"Gentlemen, you can't fight in here! This is the war room!"
Peter Sellers as President Merkin Muffley in Dr. Strangelove
Q&A
A self-interview about AA McCay
Q: Are you AA McCay?
A: Yes.
Q: Are you Jason Hargreaves?
A: Yes.
Q: Don’t tell me you’re Amber Deveraux?
A: Okay, I won’t tell you – but I am.
Q: You want to explain?
A: No. No writer is really his or her characters – and yet every one of those characters is filtered through the life experiences of the writer. Every character is inspired by someone we've met, an incident that's happened to us, something we've read, a face, a feature, a joy, a sorrow, a dream, the raw data of life. I know writers talk about characters taking over a story and suddenly they were doing things the writer, if he or she were really in control of the situation, would never allow. Well, fine.

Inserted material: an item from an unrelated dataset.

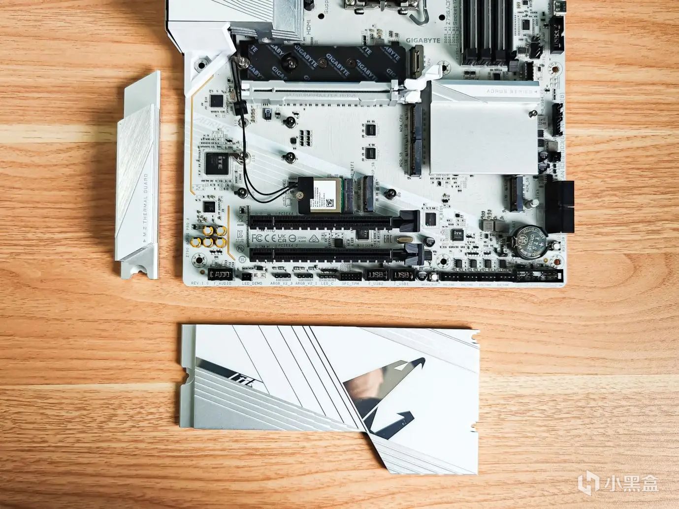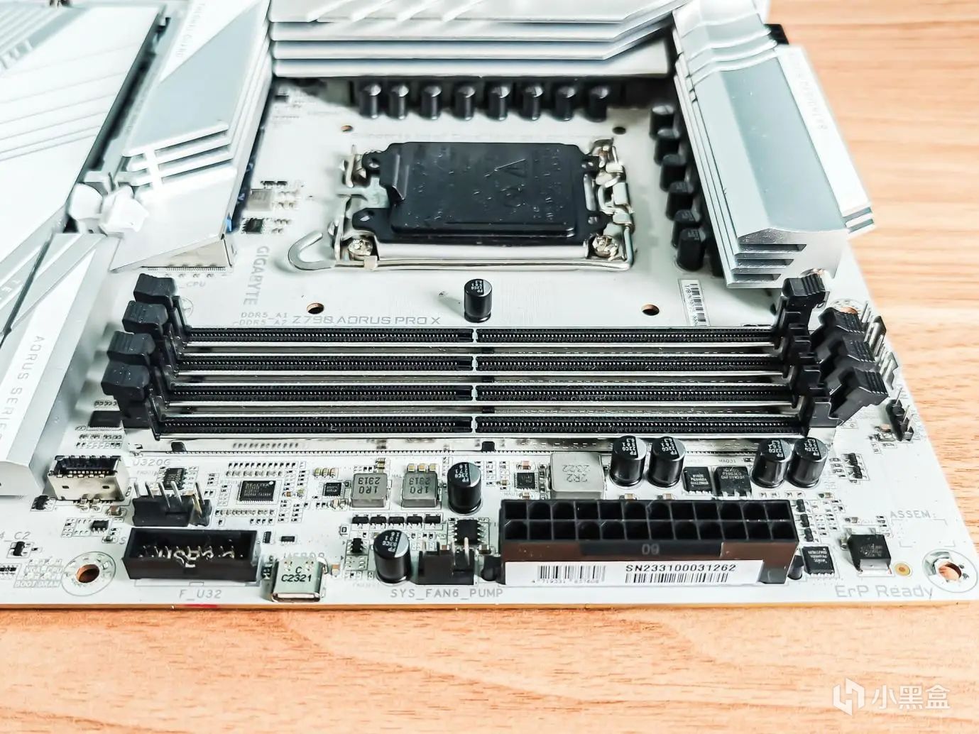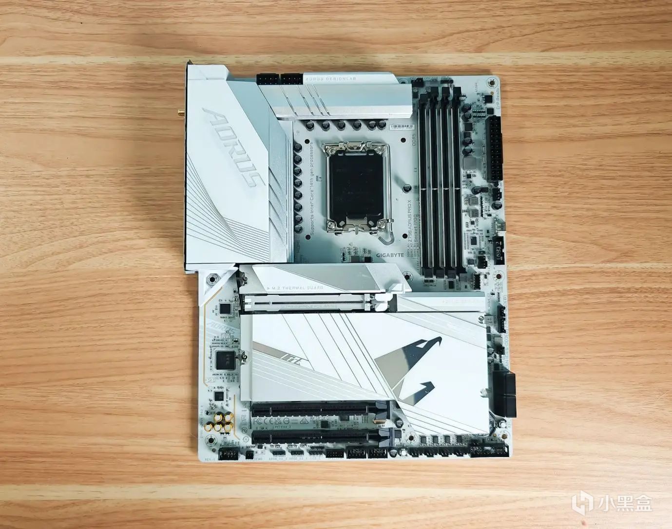 安装从主板开始,主板选择的是技嘉的Z790 AORUS PRO X主板,又称技嘉Z790冰雕X。它是款白色主板,性价比好。主板的底色是白色略显点灰,而一体式散热片和散热装甲,则同样是白色,但相对更亮丽一些。散热片上面还有字体和条纹装饰让主板整体显得不单调。

But I think what’s really taking over is the writer’s unconscious and that the characters are doing things that might be consistent with that character’s personality and history, but which are also consistent with the writer’s own experiences. I don’t see how it could be otherwise. No writer, I don’t think, is so far outside his stories that he’s totally objective. I mean, even news reporters, who are supposed to be giving us just the facts, they can’t help but write through their own personal filter. But this is the kind of broader philosophical discussion I’ll address in my blog.

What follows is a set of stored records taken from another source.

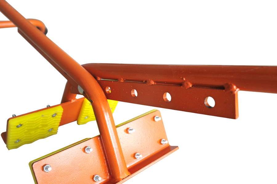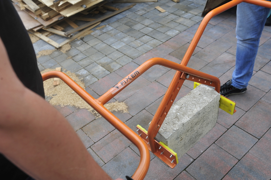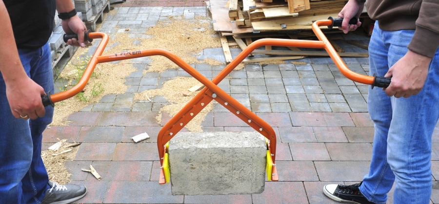 Chwytak brukarski przeznaczony do wygodnego i bezpiecznego przenoszenia oraz układania krawężników, obrzeży betonowych i innych prefabrykatów. Dzięki pięciostopniowej regulacji w zakresie od 15 do 55 cm narzędzie można precyzyjnie dopasować do różnych szerokości elementów. Solidna stalowa konstrukcja i wysoki udźwig do 120 kg gwarantują trwałość oraz niezawodność w każdych warunkach budowlanych.
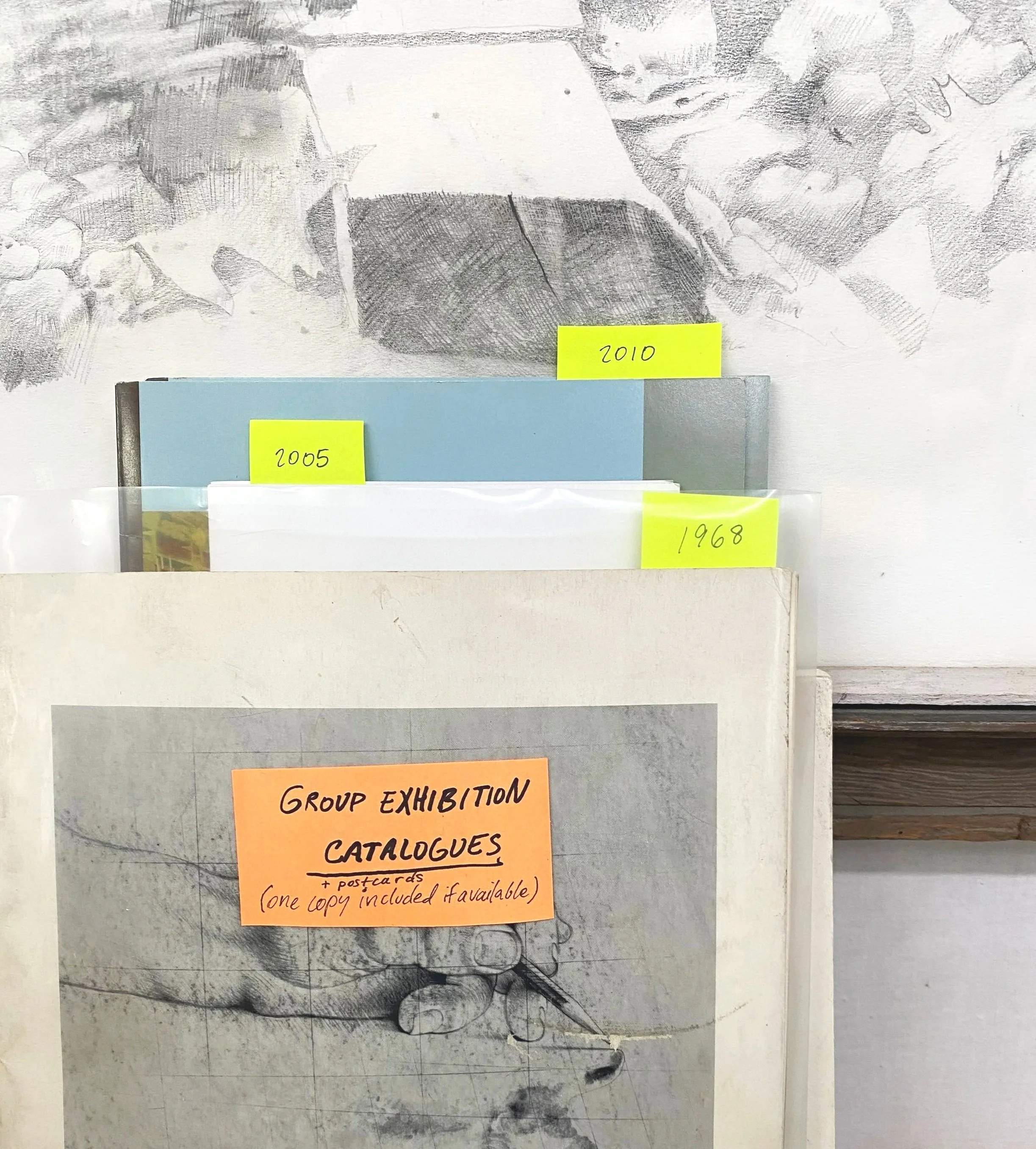 What I can organize are: your physical paperwork (gallery records, awards, exhibition records, financial records, letters, mail, catalogues, etc.) and any digital records of your career and digital records of your artwork.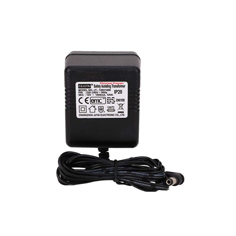 - Input: 220-240VA~50Hz. Output: 12VAC1000mA.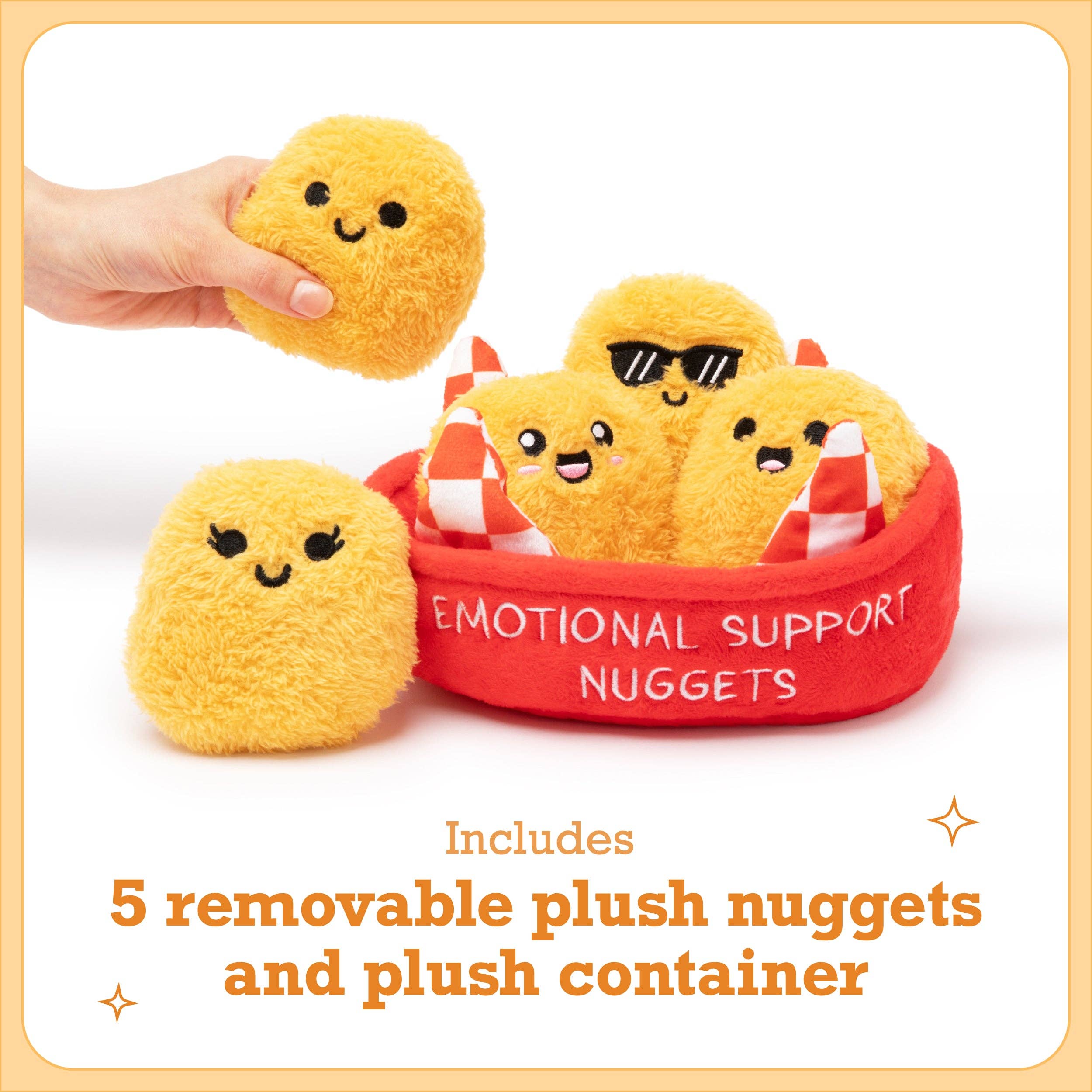 Set of 5 chicken nuggets in plush container.

Q: Cenote and Primrose and Eden are a trilogy? Why?
A: Yes, they are. Because the broader story that is set up in the first book is not paid off until the third. The whole trilogy structure is set up in Cenote as well: The Maya concept of the Great World Tree is what guides the three-part structure of the novels. The World Tree links the three planes of existence: The roots reach down to the underworld, the trunk passes through this world, and the branches reach up to the heavens. Cenote is about death and the underworld; Primrose is about the earthly passions of greed and lust; Eden is about the vaporous allure of dreams and immortality. The story arc brings Adam through all three levels.
Q: Why is AA McCay a photographer?
A: Because I love photography so he has to love it, too! More seriously, however, because I am very interested in the relationship of the image to human consciousness. Not just image as a vehicle of communication or self-expression, or even as a means of recording the world around us, such as the Paleolithic paintings in Chauvet Cave, but rather as a reflection of how we view ourselves as individuals. No other animal, so far as I know, stares at themselves in the mirror like we do. No other animal seems to be so aware of themselves as beings outside of their own internal experience. It's almost as if the image has greater reality for us than the actual event itself. Just recently, for example, there was a news item about an elderly driver who stepped on the gas rather than the brakes and drove through the front window of a store, nearly hitting a woman. On the surveillance camera you can see the whole event. But what's really remarkable is that rather than rushing up to see if the driver is okay, three other customers pull out their cell phones and begin taking photographs and videos! I think this behavior is fascinating -- but also depressingly scary. We're becoming people who find their existence only in the image, only in the video, not in the world itself. We're becoming disconnected from our own internal experience of living IN the world and are finding validation only through the experience of OBSERVING it. That is Adam McCay's fatal character flaw, and that is what ultimately limits his ability to cope with the various events in each of the stories. On one level, photography is his career, but on a much deeper level, it's also his shield against having to deal directly with the world. That's why he's a photographer. And that's why this whole subject is something else I will address further in the blog.